Two days had passed, I'm back home in LA. I decided to stay with Aunt Lisa, I couldn't go to the apartment. That's most likely where Vinnie would look for me, if he even is... I glanced up at my reflection staring back at me, my eyes had dark bags beneath them and they were puffy; they were caused from sleepless nights of crying, I looked exhausted from the recent nights. My eyes just looked so emotionless, and no expression whatsoever... If I didn't know me and didn't know the situation I was currently going through then I would've never figured out what was wrong with me.

I've decided to cut all ties with Vinnie, I deleted our pictures even though it was very hard, I deleted our messages even though I easily gave in and read them beforehand.. I deleted his contact, I unfollowed him on every social media I would passed him on to get reminded of the pain and the humiliation that was caused to me, yeah no one's laughing but my head just makes it seem like they are.. To think I was gonna give him another chance.. after that kiss we shared.. As the thought passed my mind, my heart stung badly, as a crying gasp escaped me as the heartache began to hurt physically... I let out a shaky breath that's been held in for the longest.

As I broke down I laid beneath my covers, I didn't have no motivation, no energy, nothing to get me out of this... Trust me I know y'all are tired of me being a sulky baby.. you'd understand if you've been hurted before, lost your inspiration for a motherhood and to help you overcome your lowest. Oh yeah being stood up too..

I wonder if this is why mom never worried for relationships, cause of this. Feeling like complete shit, feeling worthless, feeling like it's the end of everything... I really should've been smarter about my past choices. I wouldn't be in this sad bullshit if I just listened and put my focus on myself and my future.
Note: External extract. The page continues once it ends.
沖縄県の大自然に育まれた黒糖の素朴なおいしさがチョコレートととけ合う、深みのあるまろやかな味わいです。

Huh, my future.. my conscience repeated, hmm, a thought popped into my brain, an idea. Maybe I can use this heartache and make my desired dream come true I mean I've always put it on the table but always only called it just a thought, I feared that if I make my desired dream come true it would fall apart. I always put myself down about it but how would I know if I never tried it out, if I never make it come true. I sat up digging into my bottom nightstand drawer getting my sketchbook, I flipped open to an empty page. Ever since I was a kid I've always loved to doodle, I don't know where I got it from but it just made me felt at ease as I doodled random imaginary things only I come up in my head.
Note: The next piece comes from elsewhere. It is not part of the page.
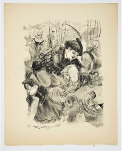 illustration représentant une scène de sexe champêtre à plusieurs - 22,4 x 27, 5 cm

I started sketching out a girl, representing her as myself, then behind her I drew all the hurtful things that happened to me, Dad leaving, my first slap from mom, mine and mom's first argument, my first heartbreak, losing mom, getting stood up, just things that represented what went on in my past.

As my pencil was scribbling against the paper, filling in the empty spaces coloring in as it's a shadowy background as the hurtful memories floated around her, instead of being sad, the girl is smirking, her head held high, her sadness building her into a stronger her. I envy her, I wanted to be her. I looked at the time on my phone screen, it was 4:25pm. Val my manager is usually trying to figure out all my branding deals from different brands, Val seen something in me, she seen that I can be that model influencer, one that's knows what their doing, and support charities, and different companies that helps people and our environment. I honestly thought I wasn't enough for that, but maybe today will be different. I gotta start believing in my self, like others believe in me. I grabbed my phone and clicked on my contacts looking for Val's. Finally found it then I clicked on the call icon and pressed the phone speaker to my ear as I waited for her to answer, after the third trill she answered.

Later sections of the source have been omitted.